In part, my lack of interest arises because I suspect that the only possible solution to questions like the matter-antimatter imbalance in the universe requires consideration of stuff happening outside the Big Bang light-cone that is unobservable, and hence effectively unknowable (but please spare us the blasted multiverse of universes where the laws of physics are different in each one . . . ).
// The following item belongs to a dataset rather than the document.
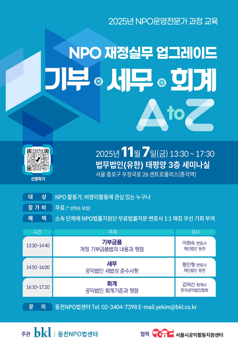 이번 교육은 NPO실무자들이 개정 법령과 세법·회계기준을 숙지하여 공익사업을 적법하게 수행할 수 있도록 돕기 위해 마련되었습니다.

There are a lot of modifications of classical GR that primarily focus on explaining inflation and/or dark energy. But, a simple cosmological constant is such a good approximation of dark energy that this doesn't seem like a priority, and honestly, while there are all sorts of good reasons to be interested in the fundamental physics of inflation and its relationship to quantum gravity and/or modifications to GR, I just find it terribly hard to get excited about it. There are catalogs of literally hundreds of inflation theories out there and none of them are all that interesting.
I have seen papers that attempt to integrate gravity into the SM by means of a gravity-weak force unification, and by means of analogy to the strong force, which are quite interesting, and it seems plausible to me that if any SUSY/SUGRA predicted particles exist that a gravitino counterpart to the graviton that served as a singlet dark matter candidate with spin-3/2 would probably be the most likely to exist.